- Opening Delimiter -

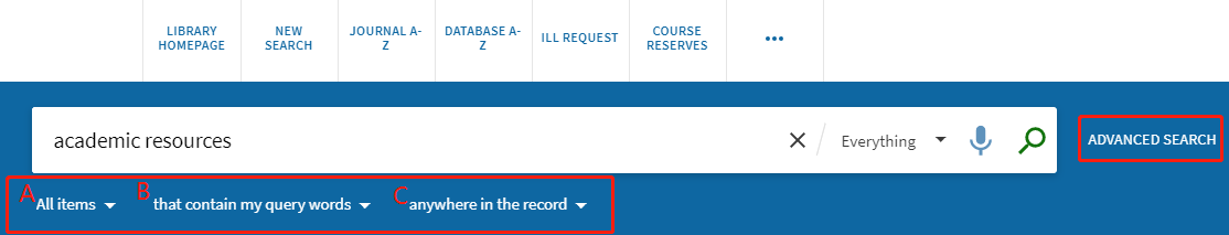 C: Specify search fields, such as in the title, as author/creator, ISBN, ISSN, etc.
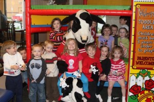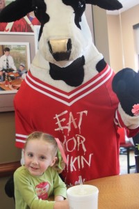 We don’t spend a ton of time there, but Erika and I were curious as to what a Birthday party would look like in a fast food chicken restaurant. What I didn’t realize is that they have an indoor play area and a giant cow that runs around and messes with the kids. Seriously, I have evidence…
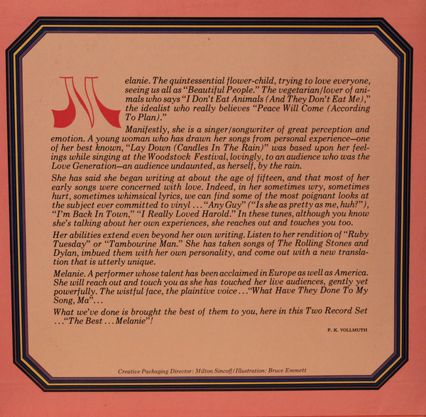Comes in gatefold-cover with words by P.K. Vollmuth and huge photo of Melanie inside.
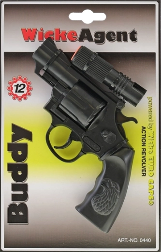Questa pistola a capsule con silenziatore è la scelta ideale per i bambini che amano i giochi d'azione e le missioni di polizia. Grazie alla lunghezza di 23 cm si impugna comodamente e, con le capsule da 8 colpi, offre tanto divertimento con un autentico effetto sonoro.
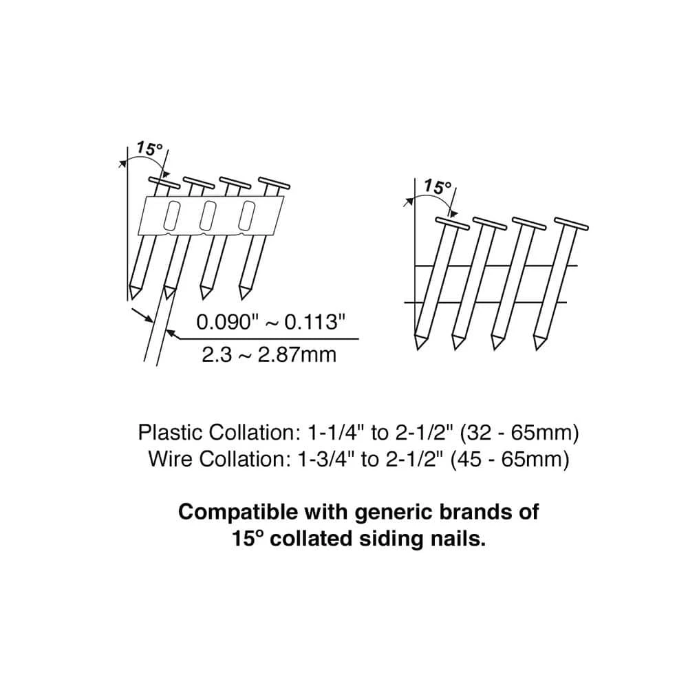 - Compatible Nails: 15 degree plastic collated coil siding nails from 1-1/4 in. – 2-1/2 in., and 15 degree wire collated coil siding nails from 1-3/4 in. – 2-1/2 in. (0.09 in. – 0.113 in. diameter)
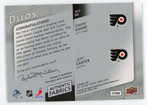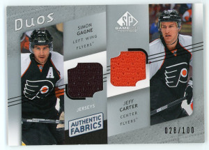 2008-09 SP Game Used Simon Gagne Jeff Carter Authentic Fabrics Duos /100 #AF2-GC
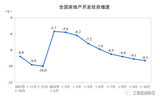 2023年1-10月份,全国房地产开发投资95922亿元,同比下降9.3%(按可比口径计算;其中,住宅投资72799亿元,下降8.8%。1—10月份,房地产开发企业房屋施工面积822895万平方米,同比下降7.3%。其中,住宅施工面积579361万平方米,下降7.7%。房屋新开工面积79177万平方米,下降23.2%。其中,住宅新开工面积57659万平方米,下降23.6%。

- Closing Delimiter -

Exercise – Pictures aside, retype all of the entries word for word.

Expected answer –
 C: Specify search fields, such as in the title, as author/creator, ISBN, ISSN, etc.
 We don’t spend a ton of time there, but Erika and I were curious as to what a Birthday party would look like in a fast food chicken restaurant. What I didn’t realize is that they have an indoor play area and a giant cow that runs around and messes with the kids. Seriously, I have evidence…
Comes in gatefold-cover with words by P.K. Vollmuth and huge photo of Melanie inside.
Questa pistola a capsule con silenziatore è la scelta ideale per i bambini che amano i giochi d'azione e le missioni di polizia. Grazie alla lunghezza di 23 cm si impugna comodamente e, con le capsule da 8 colpi, offre tanto divertimento con un autentico effetto sonoro.
 - Compatible Nails: 15 degree plastic collated coil siding nails from 1-1/4 in. – 2-1/2 in., and 15 degree wire collated coil siding nails from 1-3/4 in. – 2-1/2 in. (0.09 in. – 0.113 in. diameter)
 2008-09 SP Game Used Simon Gagne Jeff Carter Authentic Fabrics Duos /100 #AF2-GC
 2023年1-10月份,全国房地产开发投资95922亿元,同比下降9.3%(按可比口径计算;其中,住宅投资72799亿元,下降8.8%。1—10月份,房地产开发企业房屋施工面积822895万平方米,同比下降7.3%。其中,住宅施工面积579361万平方米,下降7.7%。房屋新开工面积79177万平方米,下降23.2%。其中,住宅新开工面积57659万平方米,下降23.6%。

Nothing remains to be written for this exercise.